5 Fictional Ways to Go Very Fast in Space

Space operas would be pretty boring without some way to go very far, very fast. Traveling at 40,000 miles per hour—the speed at which Voyager is zipping along—it would take around 17,000 years for the Vulcans to fly to Earth and make first contact. Chances are, by the time they got here we would have already bombed ourselves to extinction and been replaced by evolved apes. Nobody would pay to see a movie like that. To keep things interesting, here are a few fictional ways to go very fast in science fiction.

1. FTL Drive

Photo courtesy

Mr. Gaeta was probably the busiest man on the bridge of the Battlestar Galactica. In addition to his other duties, he was responsible for spinning up the ship’s FTL (Faster Than Light) drive and plotting jumps. While newer (and more annihilated) battlestars had computer networks to make sure the Galactica didn’t emerge from FTL in the middle of a moon, Gaeta had a protractor and grease pen.

FTL is perhaps a misnomer, or at least, misdirection. The ship never moves faster than light. Rather, it folds space and creates an Einstein-Rosen Bridge. (Rosen here being Nathan Rosen, Einstein’s colleague and proto-“other guy,” paving the way for such OGs as José Carreras, Michael Collins, and Joey Bishop.) This is better known as a wormhole, and sends the ship to some other point in space. The upshot is that the Galactica could move slower than a Chevy Nova and still travel faster than light. This also creates a few interesting problems and opportunities. FTL-capable ships such as Raptors can emerge inside planetary atmospheres for tactical missions, but can also emerge inside of planets, for very bad days. (A tip of the hat to Tough Guy and Carousel of Raptor 612, lost during the final search and rescue operation on Caprica.) Likewise, spinning up an FTL drive close to or inside of another ship can cause severe trauma to that ship’s hull, a likely result of the distortion of space itself.

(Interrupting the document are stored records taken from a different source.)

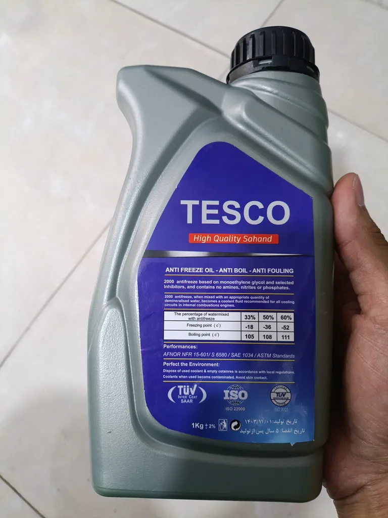 نظر و تجربه خرید ضدیخ خودرو تسکودر تاریخ ۲۵ آذر ۱۴۰۳
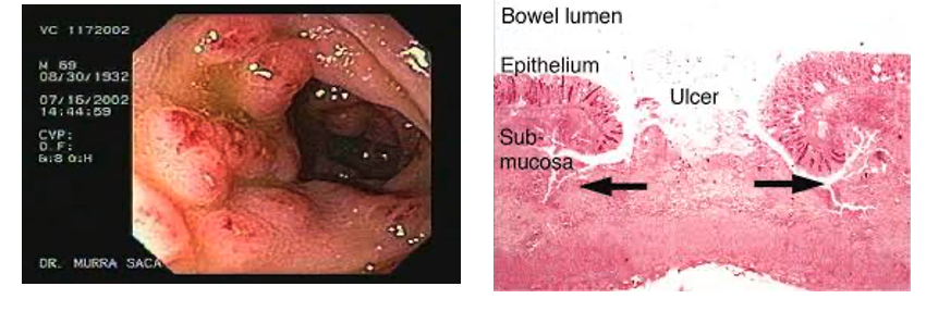 조직 침습: 영양형이 대장 점막 침범 → Flask-shaped ulcer 형성
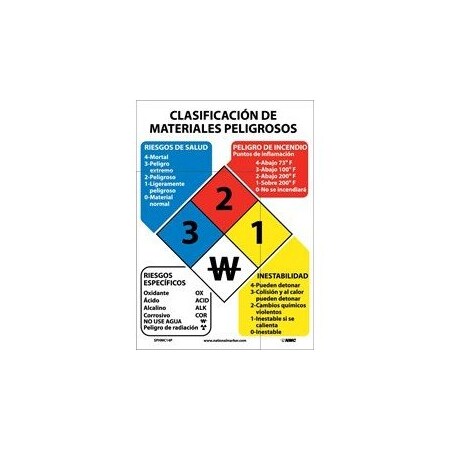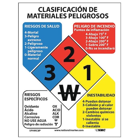 NMC SPHMC8P Adhesive Vinyl Hazardous Materials Classification Sign, 8" Length x 11" Height, Blue/Black/Red/Yellow on White
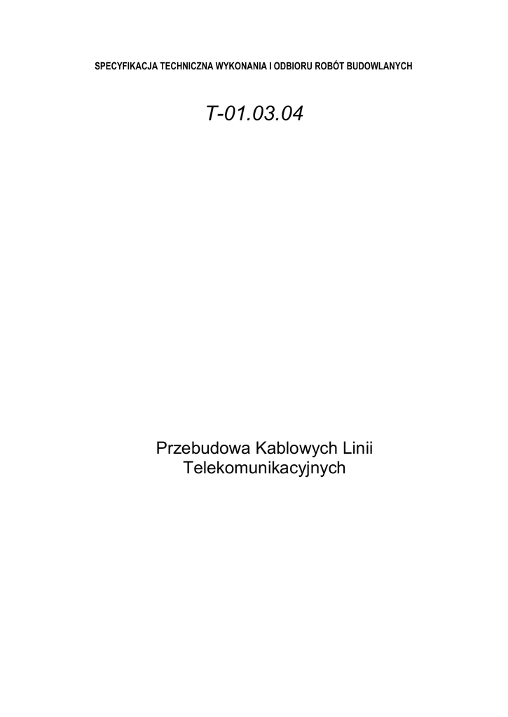 telekomunikacyjnych linii kablowych na odcinkach jak pokazano w dokumentacji technicznej.
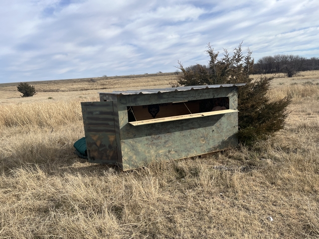 This is the hunting blind you've been looking for! Fits perfectly in the bed of your truck. It's sitting on pallets so you can load it easily. You put a little heater in there and it is comfortable. You can set up 3 to 4 chairs beside each other and still all be able to see out. It's 4 feet wide so you can lay down in a sleeping bag for a night pretty comfortably. I have green and red battery powered lights with a remote so you can have lights on and most animals won't be able to see it. If you're interested, text me at 620-295-044four i'm asking $2000 and it's worth it because you can take your wife hunting and she won't even complain but I'm always open to offers. Have a good day.
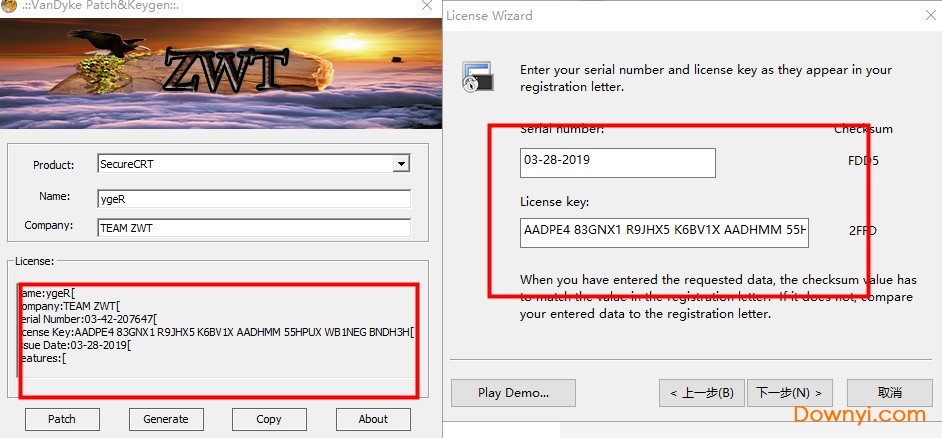 12、再将注册机中的Serialmumber,License key中的字符复制进入注册界面中的对应框中,点击下一步。

One other point worth mentioning: Traveling great distances with FTL drives requires multiple jumps. There’s no “Lay in a course for Earth. Engage!” but rather, hundreds if not thousands of short, perilous jumps. (Cylon FTL drives are far more efficient, but even they have an upper limit.)

2. Warp Drive

Photo courtesy Memory Alpha

Your basic Starfleet warp drive is technically known as a Gravimetric Field Displacement Manifold, and is powered by matter/antimatter reactions. (But not by dilithium crystals, which serve only to focus said reactions into a flow of electro-plasma. The reactions themselves are fueled by deuterium. Everybody got that?) It works something like this: The warp drive generates a subspace field around the ship, distorting space-time itself and moving the ship very, very fast. Just how fast is measured by Warp Factors, with Warp 1 being the speed of light, and Warp 10 being impossible and infinite, I don’t care what that one atrocious episode of Star Trek Voyager said. (Note that in various episodes in various series, there is the occasional “Warp 15!” thrown around. That’s merely an adjustment of scale. It’s just easier to say “Warp 15” than to say, “Warp 9.9999999999999923. Engage!”)

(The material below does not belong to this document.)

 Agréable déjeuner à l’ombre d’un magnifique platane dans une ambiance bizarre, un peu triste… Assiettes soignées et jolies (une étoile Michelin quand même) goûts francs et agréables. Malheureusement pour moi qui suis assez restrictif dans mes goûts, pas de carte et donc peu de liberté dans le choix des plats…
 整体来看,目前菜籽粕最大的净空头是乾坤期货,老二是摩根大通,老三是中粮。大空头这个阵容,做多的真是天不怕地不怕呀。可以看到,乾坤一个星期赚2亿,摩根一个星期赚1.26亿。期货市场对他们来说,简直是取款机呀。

Zefram Cochrane invented the human variant of the warp drive in 2063, which weirdly enough means that high school students today will be around for it and for first contact with the Vulcans, which happens immediately after warp speed is achieved.

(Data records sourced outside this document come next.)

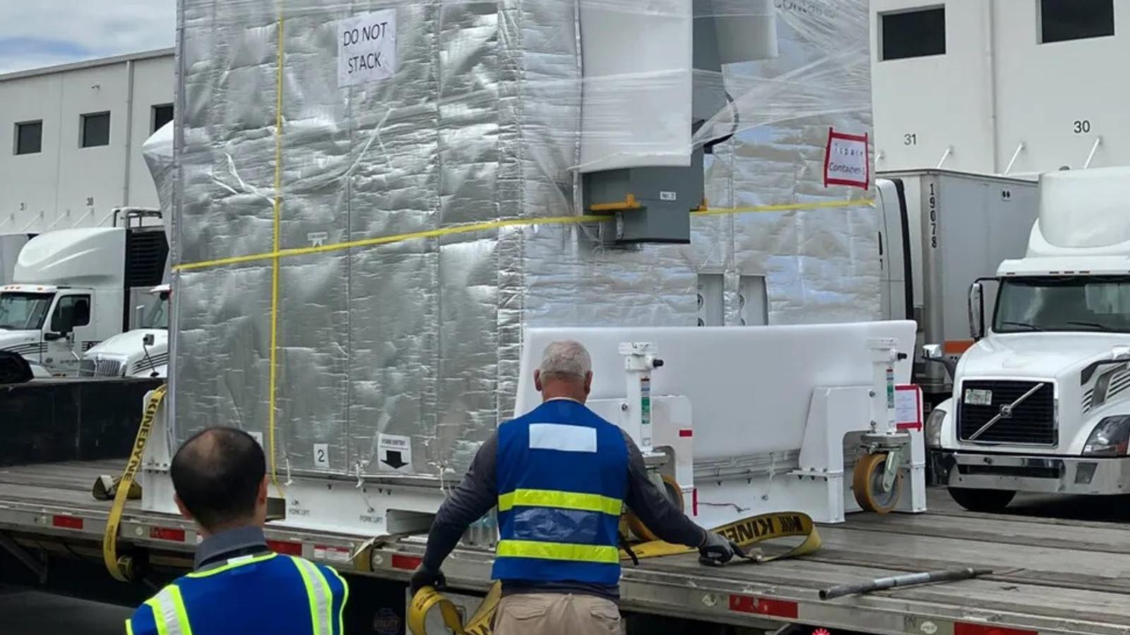Новый посадочный модуль, созданный на базе предыдущей платформы Hakuto-R, но с обновленным программным обеспечением, был доставлен коммерческим грузовым самолетом с объекта Японского агентства аэрокосмических исследований в Цукубе, Япония, после испытаний.
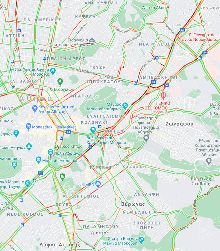Το μποτιλιάρισμα είναι έντονο στην Βασιλίσσης Σοφίας και συγκεκριμένα στην κάθοδο, ενώ έντονα προβλήματα εντοπίζονται σε Μεσογείων και Κατεχάκη.
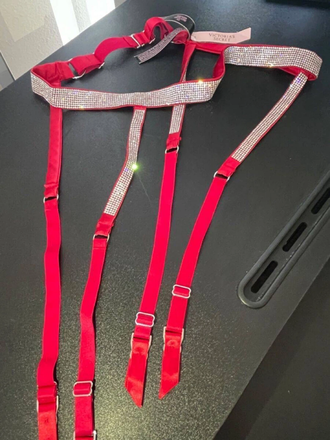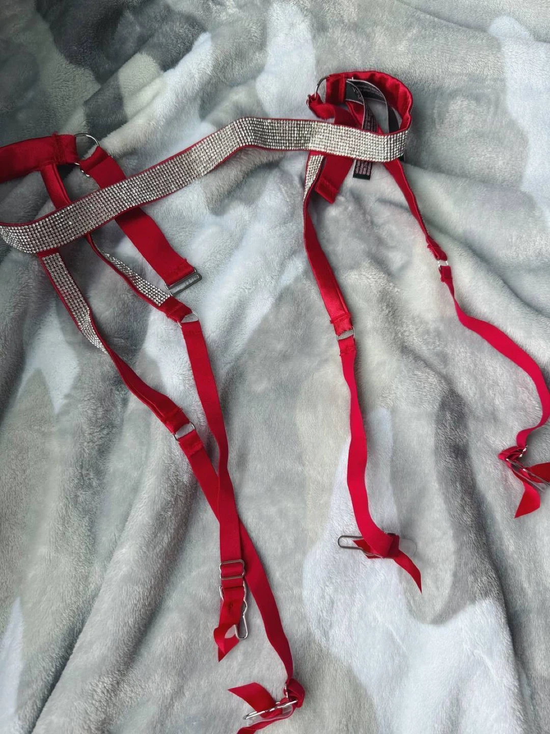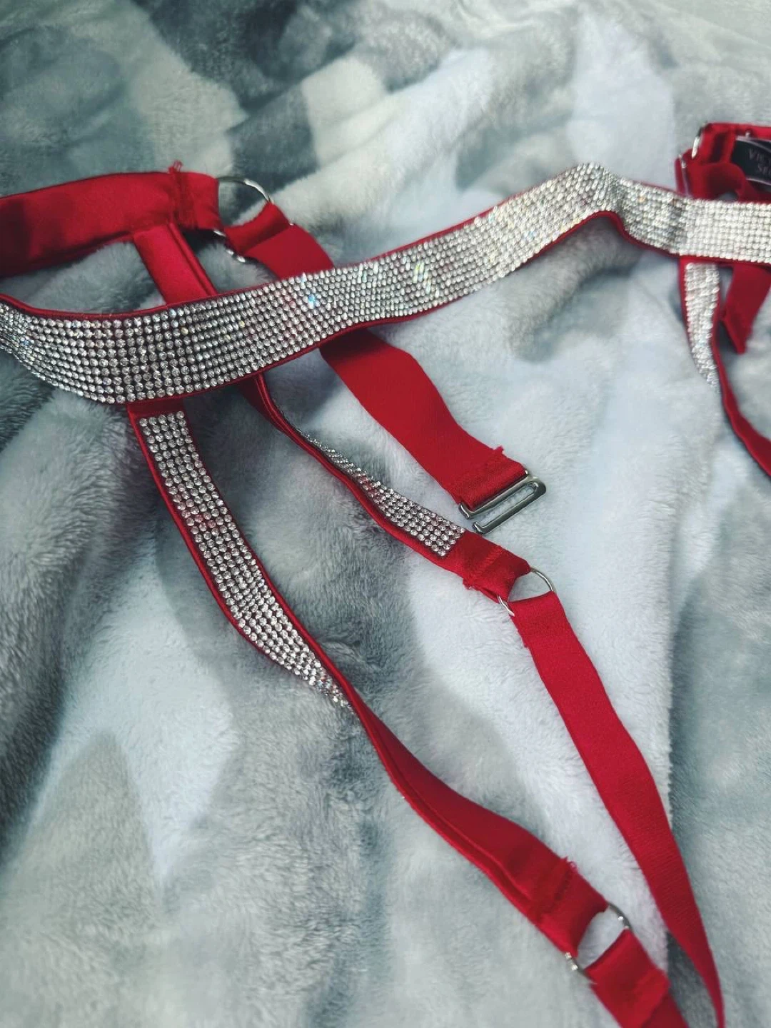 Red satin garter belt. Features a rhinestone-encrusted band and adjustable straps. Excellent for special occasions.

Safety measure: In the event of a warp core breach, which is very bad, a starship can save itself by ejecting its core, except that one time in Star Trek: Generations when Geordi forgot about that.

3. Akwende Drive

Photo courtesy Wing Commander News.

The Terran Confederation Navy uses jump drives to move ships from one jump point to another over jump lines. (Each jump point is marked by a jump buoy.) For that one guy reading this who’s not an expert in Wing Commander physics, here’s what that means: Jump lines (sometimes called jump tunnels) are rare paths in space that are created by the gravity wells of celestial objects. For our purposes, think of them as interstellar jet streams. Each jump line’s point of entry in space is called a jump point. Space colonists mark jump points with jump buoys to help navigation systems lock onto locations with precision. Jump lines are sometimes bidirectional, but just as often not.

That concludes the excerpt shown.